When the Farabi Cinema Foundation chose Finding Farideh as Iran’s entry in the Academy Awards, the filmmakers ran into a problem. Although Iranian films had won the Foreign Language Academy Award in 2011 and 2016, U.S. sanctions against Iran imposed by the Trump administration put extra obstacles in their way. According to Moussavi and Ataee, “In order to send the DVDs and hard drives of Finding Farideh to the Academy, we had to put our trust in an old man we’d met at the airport who was heading to the United States. We will never forget that we watched him pile our precious film package atop his diabetes and cholesterol pills to take to New York, and from there send it to Los Angeles.” While the supporters of Parasite were spending a small fortune promoting their film, Moussavi and Ataee had to launch a second Indiegogo crowdfunding campaign.

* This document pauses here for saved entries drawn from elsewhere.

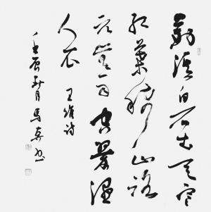 因为早年有硬笔的底子,马奔的书法结体功力相当过硬,《书法导报》副总编辑孟会祥在为马奔新书《马奔行草书唐宋诗一百首》所写序言中说:“许多硬笔起家的书法家,专讲结构,轻忽用笔,字只得间架,不见血肉。马奔的字则骨肉匀停,与其人的温文尔雅一样,他的字不怒张,不软弱,不造作,彬彬然而可亲。当年,他的字的最大缺点是虽饶姿态,而行气不足;虽平正雅宜,而略歉古味……近日,马奔兄寄来《马奔书毛泽东诗词三十七首》,看后让我大吃一惊,洋洋长卷,始终不懈,写得蕴藉风流。特别是用笔方面,强调了‘二王’帖法,使转自如,八面出锋,点画中更有嚼头了。而行间上下贯串,起伏跌宕,也如水流花开,云卷云舒。”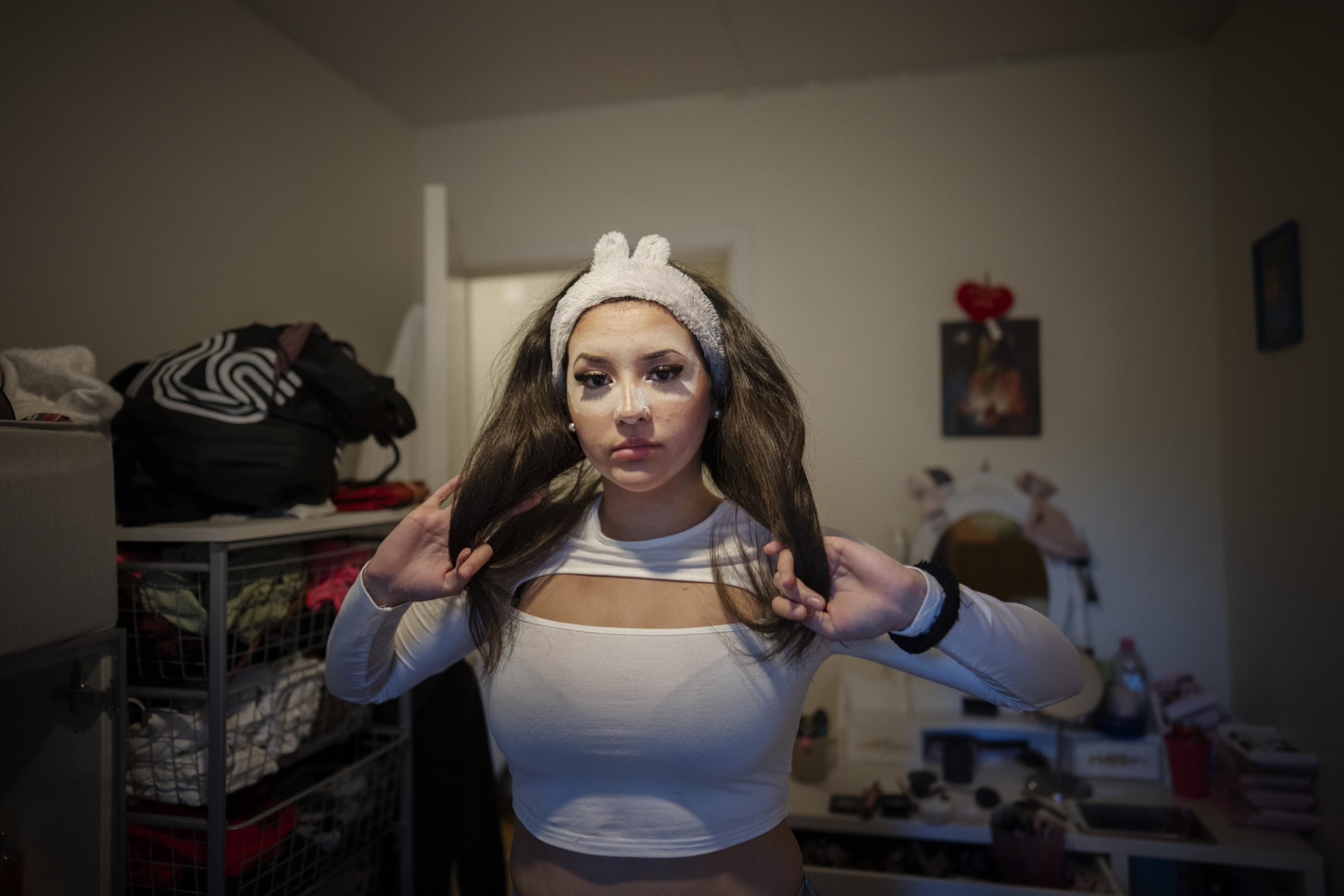 Denise går runt i sitt rum och väntar på att sminket ska sätta sig den 23 September, 2023, i Hässelby. Hon ska snart åka in till T-centralen för att möta upp några kompisar som hon lärt känna via TikTok.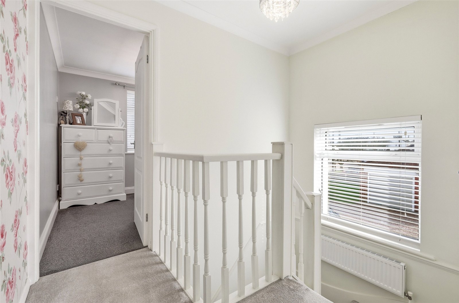uPVC double glazed window to side. Radiator at half landing level. Access to insulated roof space. Access to linen storage cupboard with slatted linen shelving. Doors lead off to first floor rooms.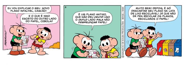 Os gibis digitais recebem os títulos "Cuidando do Mundo", "Sede de Vitória" e "Uso Racional da Água e Saneamento Básico". As histórias trazem os personagens Mônica, Cebolinha, Magali e Cascão aprendendo e ensinando de forma simples sobre a importância das redes de esgoto e de água e do descarte correto do lixo.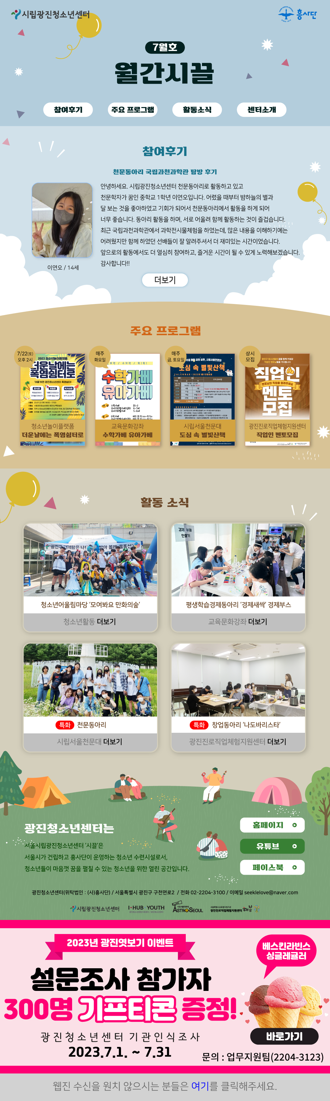 | ÀÛ¼ºÀÚ : ±¤ÁøÃ»¼Ò³â¼¾ÅÍ(@) ÀÛ¼ºÀÏ : 2023-07-01 Á¶È¸¼ö : 687 | ||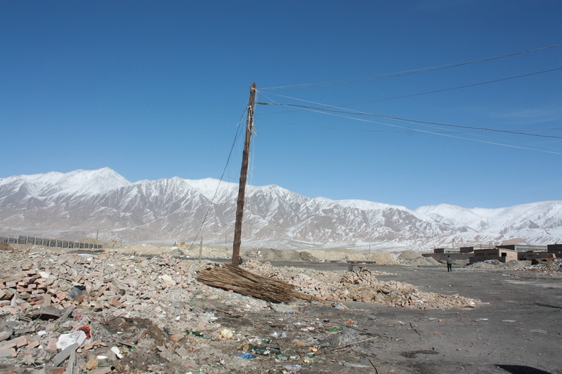 醒来发现不晃了,睁眼一看吓一跳,车外已是戈壁,一条马路笔直深入,暴晒下感觉路在飘动,顿时感觉好渴。打开google map 看了下发现已经在柴达木盆地了,再次跟luna炫耀了一下地理知识。午后两三点的样子到达大柴旦,在一个盐湖边上,应该是一个化工基地,看上去很破败,很脏。。。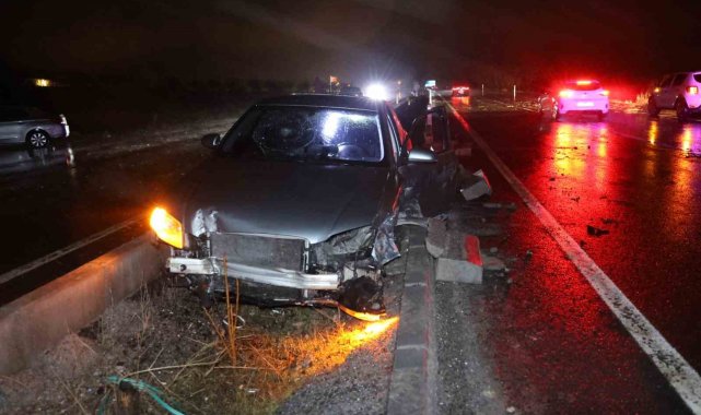 Su birikintisine giren otomobil refüje düştü: 1 yaralı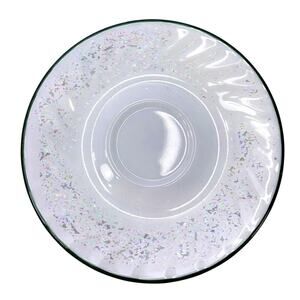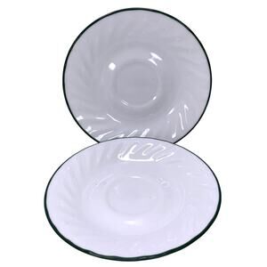 This is a set of 2 Corelle CALLAWAY Swirl design saucers. This pattern was active from 1995-2019. The 6" saucer features a white swirl rim edged in green. Microwaveable and made in the USA.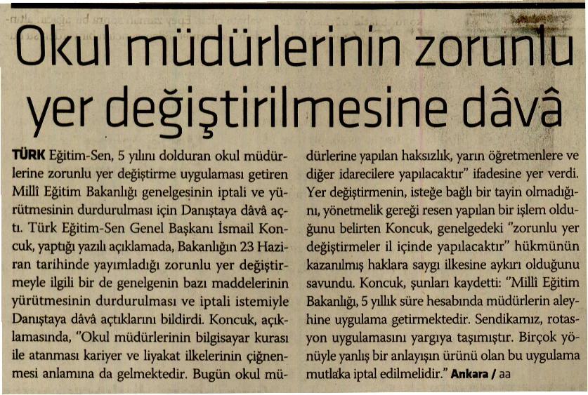 Okul Müdürlerinin Zorunlu Yer Değiştirmesine Dava – Yeniasya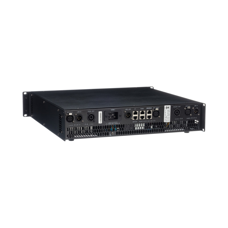 Принадлежит к TD-классу усилителей с импульсным источником питания и поддерживает протоколы связи Dante и AES/EBU.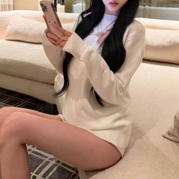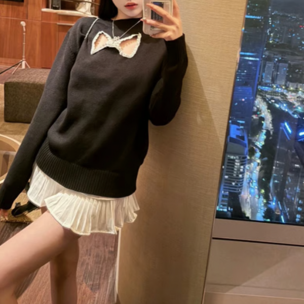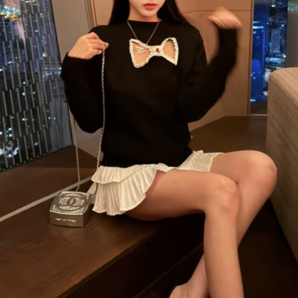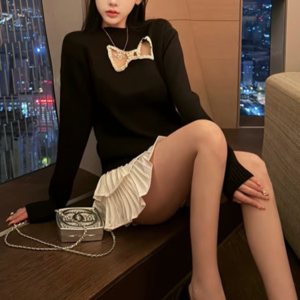 【大特価】2色展開 カットアウト リボン モックネック 長袖 ニット セーター トップス カットソー 韓国 インポート 通販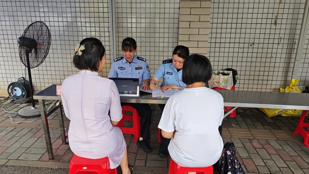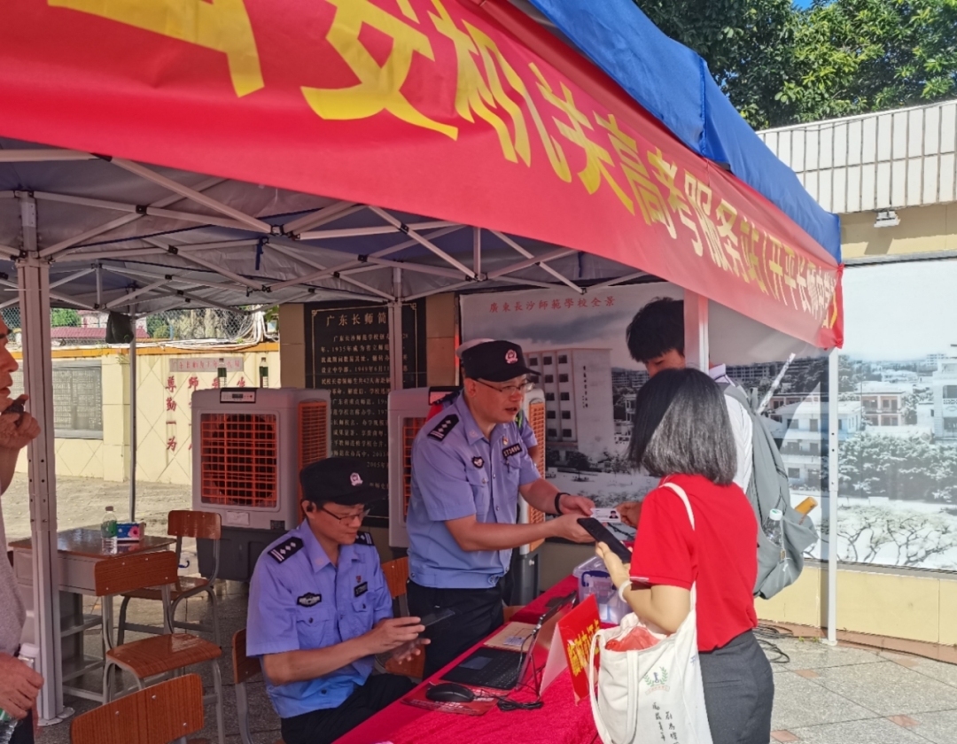 在开平市长师中学考点,一名香港籍考生前来高考服务站咨询用港澳居民居住证是否能参加考试,户籍民警耐心给予解答,表示用港澳居民居住证不影响参加高考,并祝考生高考顺利。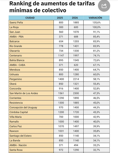 De acuerdo con los datos, Sáenz Peña encabeza el ranking de aumentos. En esa ciudad, el boleto pasó de $800 en enero 2025 a $1.885 en igual mes de 2026, lo que representa una suba del 135,6%. Detrás aparece La Rioja, donde la tarifa se duplicó: pasó de $300 a $600, con un incremento del 100%. En tercer lugar se ubica San Juan, con una suba del 91,1%, al pasar de $560 a $1.070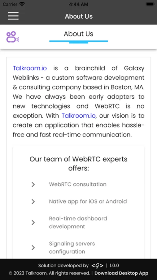 Web - TalkRoom.io can be used on Desktop, Laptop, Other handheld devices with a WebRTC-enabled browser (Chrome, Firefox, Opera).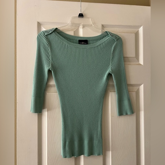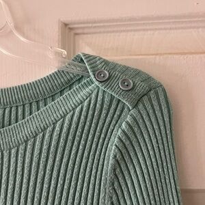 Cute mint ribbed sweater with shoulder buttons. Ideal for a cozy, stylish outfit.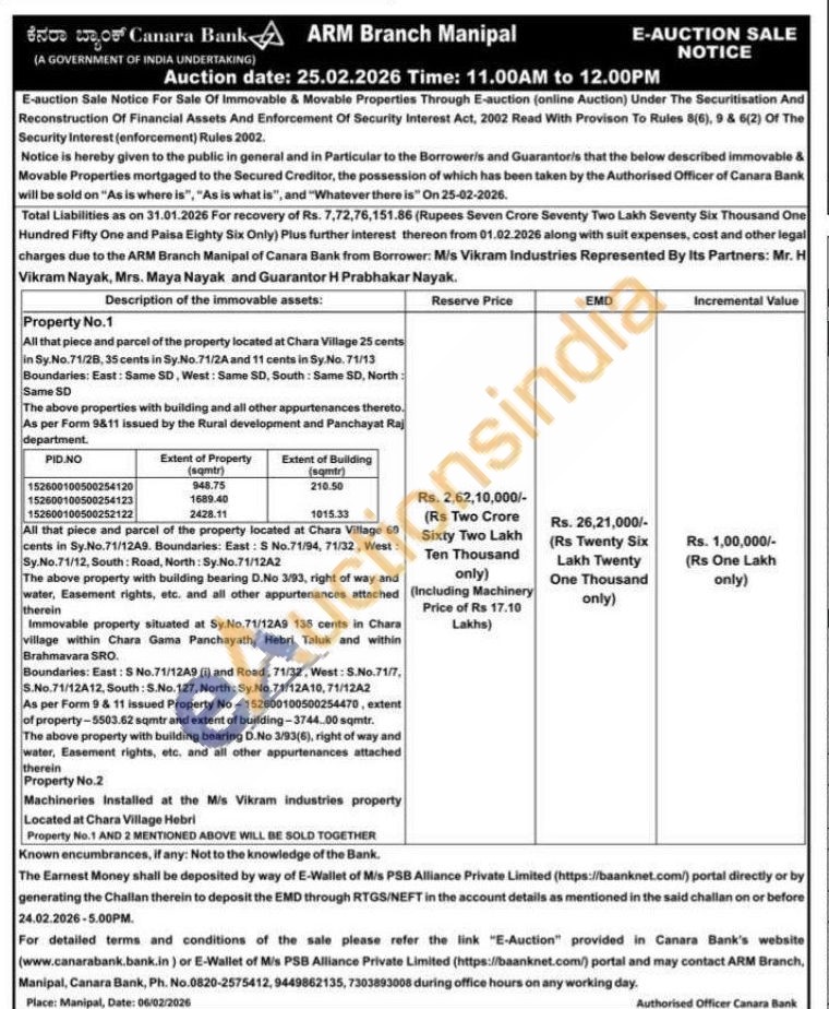 All that piece and parcel of the property located at Chara Village 25 cents in Sy No.71/2B, 35 cents in Sy.No. 71/2A and 11 cents in Sy.No. 71/13 Boundaries: East: Same SD, West: Same SD, South: Same SD, North Same SD The above properties with building and all other appurtenances thereto. As per Form 9&11 issued by the Rural development and Panchayat Raj department All that piece and parcel of the property located at Chara Village 60 cents in Sy.No.71/12A9. Boundaries: East: S No.71/94, 71/32, West: Sy.No. 71/12, South: Road, North: Sy.No.71/12A2 The above property with building bearing D.No 3/93, right of way and water, Easement rights, etc. and all other appurtenances attached therein Immovable property situated at Sy.No.71/12A9 136 cents in Chara village within Chara Gama Panchayath, Hebri Taluk and within Brahmavara SRO. Boundaries: East: S No.71/12A9 (i) and Road, 71/32, West: S.No.71/7, S.No. 71/12A12, South: S.No. 127, North: Sy.No. 71/12A10, 71/12A2 As per Form 9 & 11 issued Property No-152600100500254470, extent of property-5503.62 sqmtr and extent of building-3744.00 sqmtr. The above property with building bearing D.No 3/93(6), right of way and water, Easement rights, etc. and all other appurtenances attached therein Property No.2 Machineries Installed at the Mis Vikram industries property Located at Chara Village Hebri Property No.1 AND 2 MENTIONED ABOVE WILL BE SOLD TOGETHER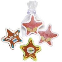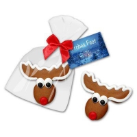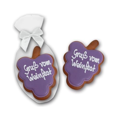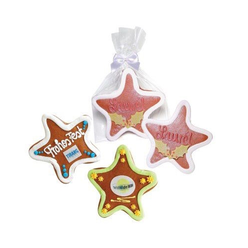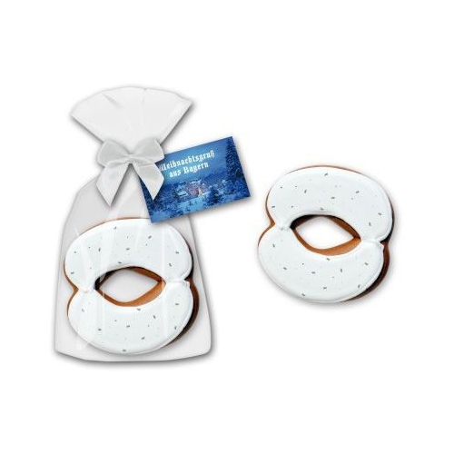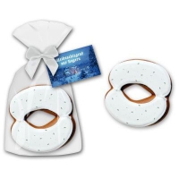Mit farbigen Zuckerguss verziert und mit farbig bedrucktem Papieraufleger versehen. Gewicht: ca. 55g Verpackung: Einzeln in Glanzfolie verschweißt und mit weißem aufgeklebtem Umhängeband versehen. Haltbarkeit: 6 Monate

Thanks to 92 backers, they raised $17,397. In the end, Moussavi and Ataee could not travel to Los Angeles, but Farideh, as a Dutch citizen, was able to attend U.S. screenings.

At the Asian World Film Festival in Culver City, California, I had the pleasure of sitting down with Farideh twice. I found her not just a charming proponent of her own story, but an advocate for Iranian adoptees. I watched as she met with two other Iranian adoptees she had met online and with Emilia Karpaty, the former director of the orphanage from which she was adopted in 1977. I only wish more people could get the chance to view the film about Farideh’s search.